Wenigstens war die Lebensmittelkühlung kein Problem. In einem der irrsinnigeren Momente seit der Havarie hatte jener unselige Korporal Klowka ihr aufgelöst vorgerechnet, dass sie in wenigen Tagen verhungern würden, falls sie die Energie zur Temperaturregulierung der Vorratsräume einsparten.

Der Chefkoch hatte ihn ausgelacht und vorgeschlagen, die verderbliche Ware in einen zum All hin offenen Hangar zu bringen. Der Eisbergsalat, nahe beim absoluten Nullpunkt gelagert, trug seinen Namen seitdem völlig zu Recht.

»Zu Befehl«, sagte sie missmutig.

»Was ist mit dem Sternenrad selbst?«, fragte Bull. »Neue Erkenntnisse?«

Damit hatte er zielsicher einen weiteren wunden Punkt getroffen. »Ortung ins Sternenrad hinein ist nicht möglich«, erklärte sie. »Wir wissen nicht, ob der Weiße Schirm das verhindert oder ob es an unseren gestörten Geräten liegt. Aber vor zweieinhalb Tagen ist ein Einsatzteam eingedrungen. Zwei Leibwächter des Thantur-Barons mit einem Spezialroboter und zweien meiner Besatzungsmitglieder.«

Bull nickte. »Und du machst dir Sorgen.«

»Zweieinhalb Tage ohne jedes Lebenszeichen? In der Tat halte ich da Sorgen für durchaus angemessen.«

»Es ist nicht besonders lange für einen Undercover-Risikoeinsatz«, gab der Resident zu bedenken. »Aber ich verstehe dich natürlich. Was hast du vor?«

»Ich überlege, eine zweite Gruppe hinterherzuschicken«, antwortete Ho. »Allerdings wissen wir nicht, wie wir den Schirm durchdringen sollen. Das erste Team hat sich mit einem havarierten Schiff eingeschleust, das die Cairaner ins Innere geschleppt haben. Diese Möglichkeit haben wir nicht noch einmal.«

»Hm«, machte Bull. Und noch einmal: »Hm. Ich weiß, wer vielleicht helfen kann. Es dauert ein paar Tage, aber du bekommst Verstärkung von mir. Sonst noch etwas?«

Ho schüttelte den Kopf. »Wir versuchen zu überleben und schneller einsatzbereit zu sein als die anderen.«

»Klingt nach einem guten Plan«, sagte Bull. »Würde ich weiterverfolgen.«

»Wann hast du eigentlich das letzte Mal geschlafen?«, fragte Ho in einem plötzlichen Anfall von Wagemut.

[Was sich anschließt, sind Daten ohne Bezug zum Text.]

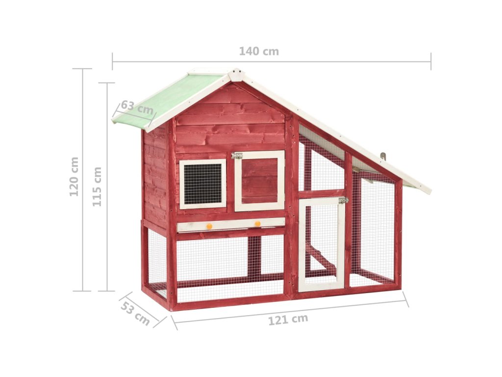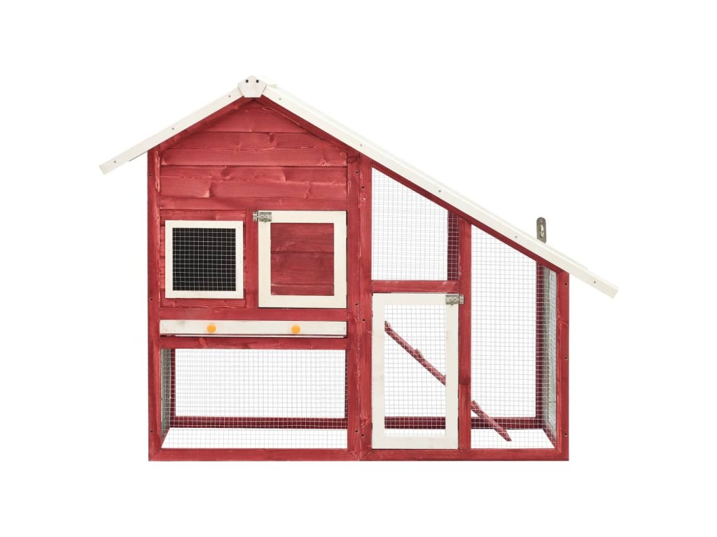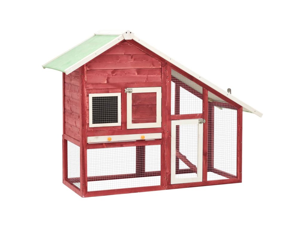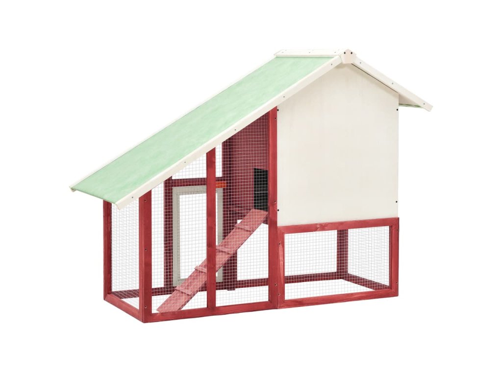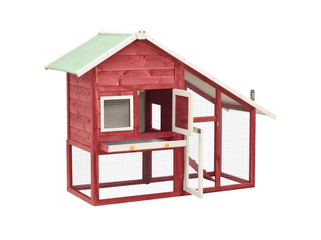 Králíkárna červená a bílá 140x63x120 cm masivní jedlové dřevo 170871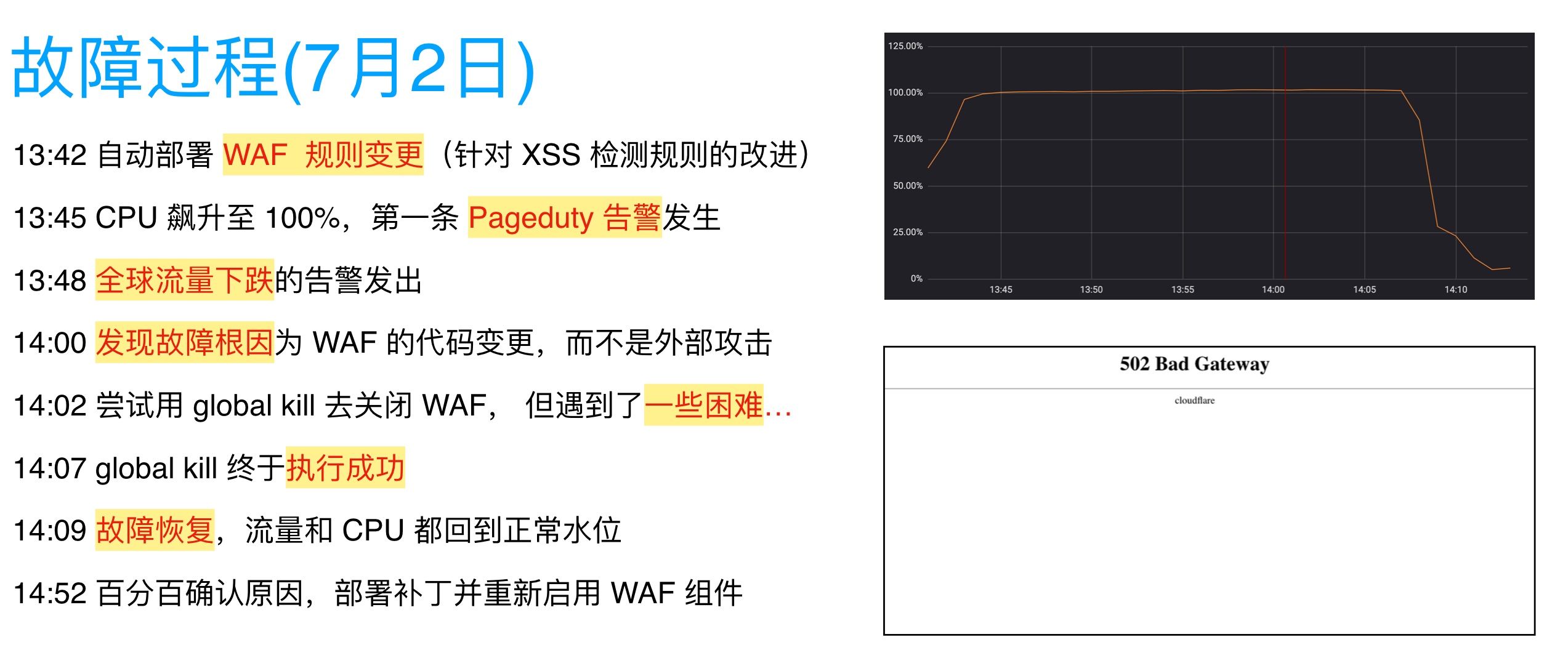 而作为一名 SRE,明白在故障的整个生命周期中,最关键的一环就是故障复盘(postmortem),以防止同样愚蠢的错误不再发生(通常大故障都是由很多小错误连锁造成的)。前天在千岛湖 outing 半夜四点睡不着的时候,起床偶遇这篇文章《Details of the Cloudflare outage on July 2, 2019》, 一口气读完了,写的很精彩(很会讲故事),当然总觉得还缺了什么。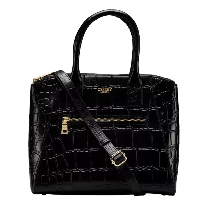 The Osprey London Croc Leather Women's Handbag is handcrafted in calf leather with a croc embossed print and a high shine finish, lined with black jacquard fabric. The bag secures along the top with a zip, featuring a smart Osprey London branded zip-pull. The interior features a pair of slip pockets and a zipped pocket, framed in matching leather with leather zip-pull. The bag offers an alternative to travel hands free with the detachable and adjustable flat leather cross-body strap by simply attaching the strap at the D-rings on each side of the bag.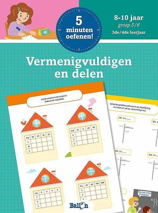 Ballon Media educatieboek 5 minuten oefenen vermenigvuldigen en delen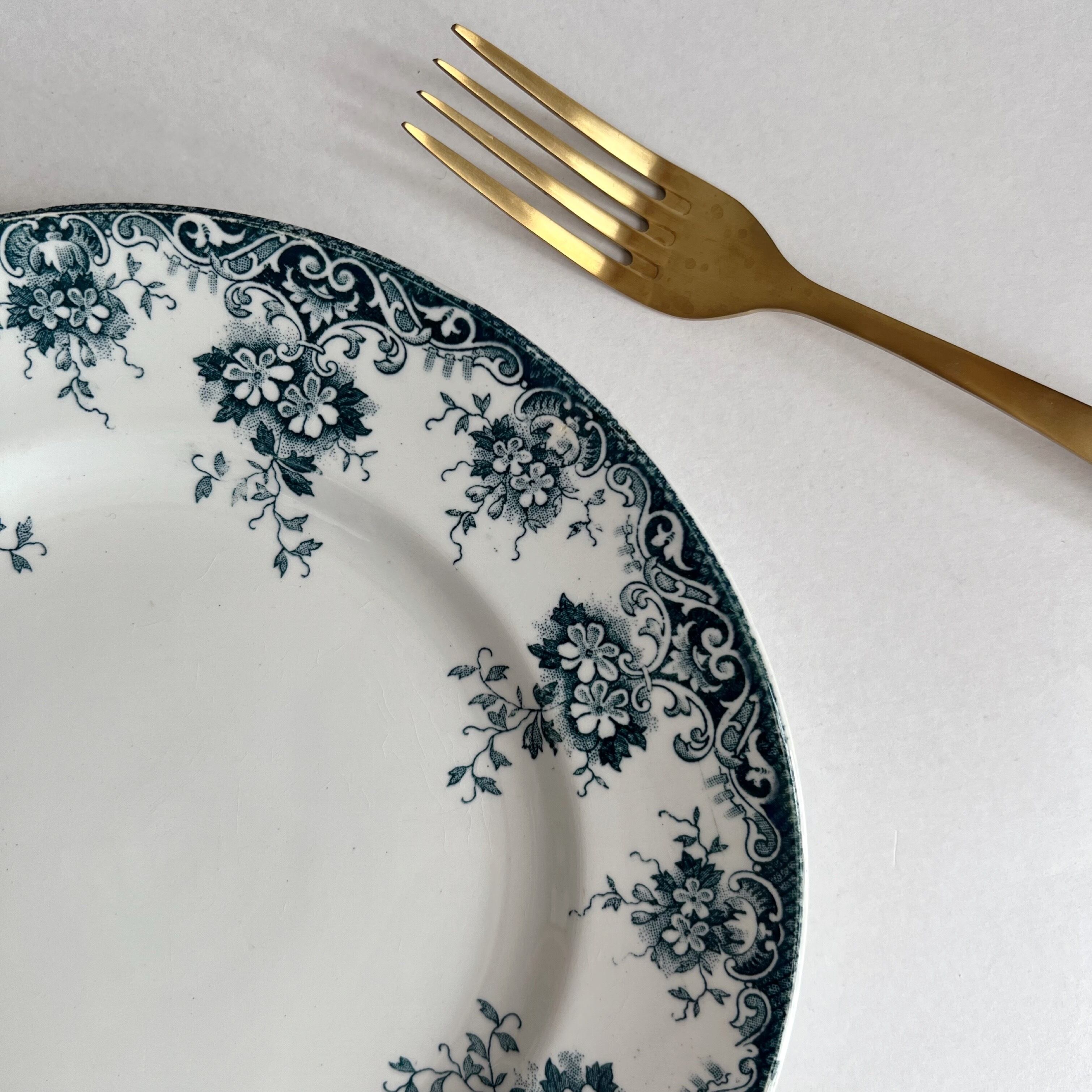 ブルーグリーンの花柄の転写が美しく繊細な1枚。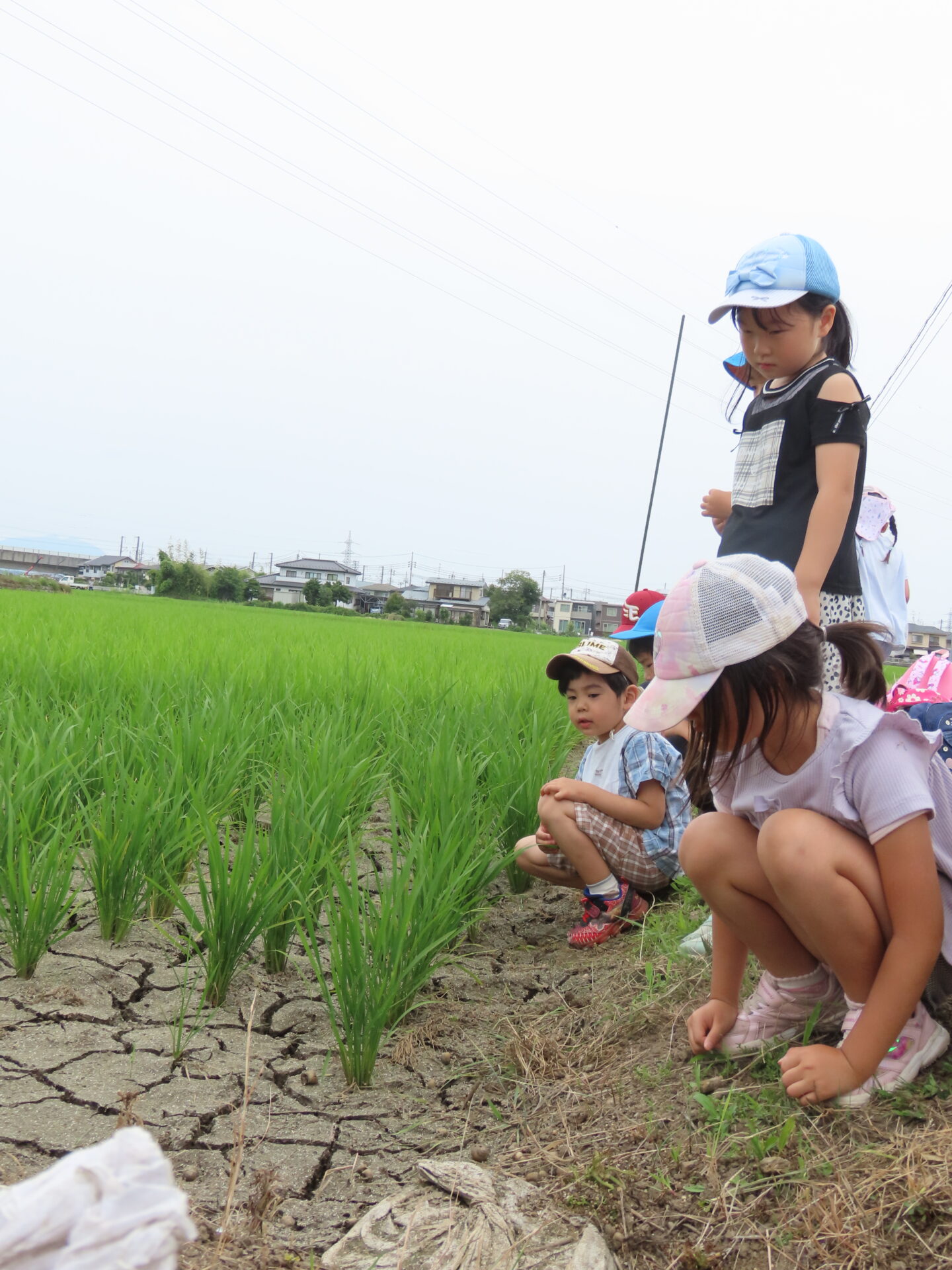 5月に5歳児のこどもたちが植えた苗の様子を観察に田んぼに行ってきました。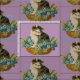Sweet, vintage kitty in a basket of flowers, with lilac background makes for a pretty fabric design! Great for crafting, home decor and sewing projects for the vintage or cat lover!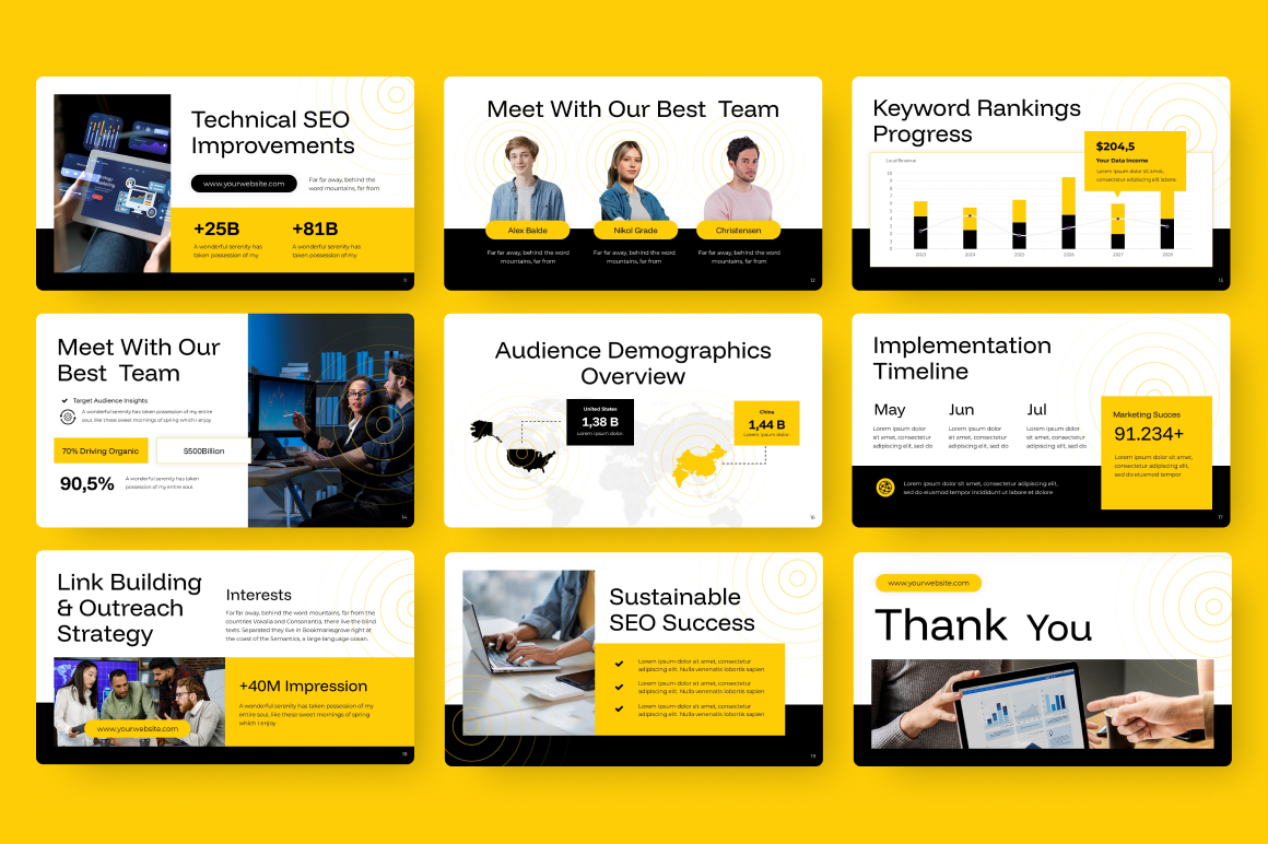 Elevate your presentations with the “SEO Marketing Plan” Google Slides template. With 20 professionally designed slides, full animations, and easy editing capabilities, this template empowers you to create captivating and impactful presentations effortlessly. Impress your audience, deliver your message with style, and make a lasting impact. Download now and take your presentations to new heights!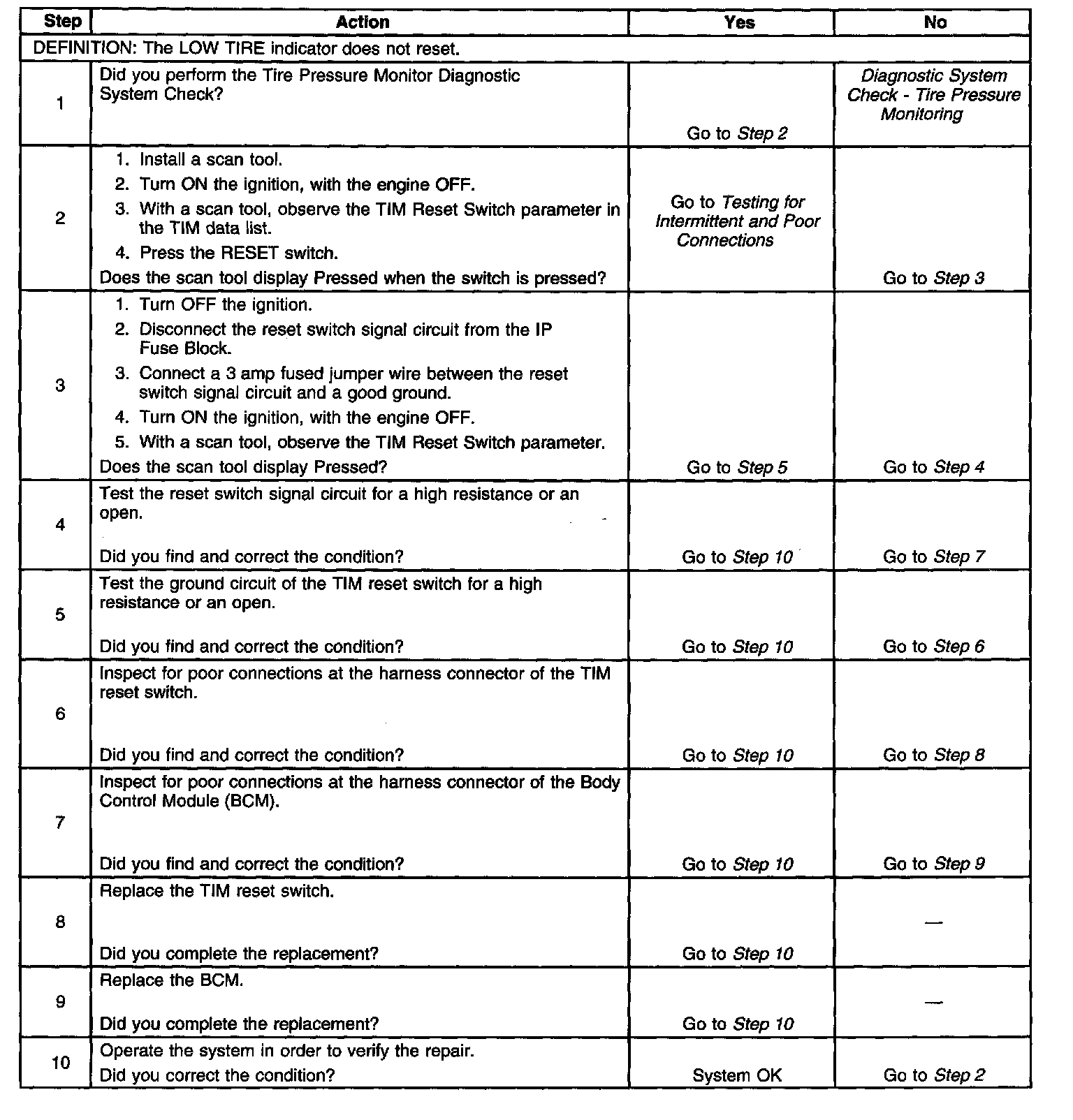 Low Tire Pressure Indicator Does Not Reset

»Weiß ich nicht.« Bulls Züge verhärteten sich. »Auf jeden Fall war da Gucky noch am Leben.« Er schüttelte den Kopf, und der Ausdruck von Hass und Trauer verflog so schnell, wie er gekommen war. »War es das für den Augenblick, Oberstleutnant?«

»Für den Augenblick ja, Resident«, sagte sie förmlich. Sie spürte: Sie hatte eine Grenze überschritten, von der sie sich besser ferngehalten hätte. »Ich melde mich, sobald es neue Entwicklungen gibt.«

»Mach das.« Bull war mit seinen Gedanken schon ganz woanders. »Mach das.«

Ohne Abschiedsworte beendete er die Verbindung.

Ihr Magen knurrte erschreckend laut. Lustlos wandte sie sich ihrem Salat zu und befolgte des Residenten Befehl.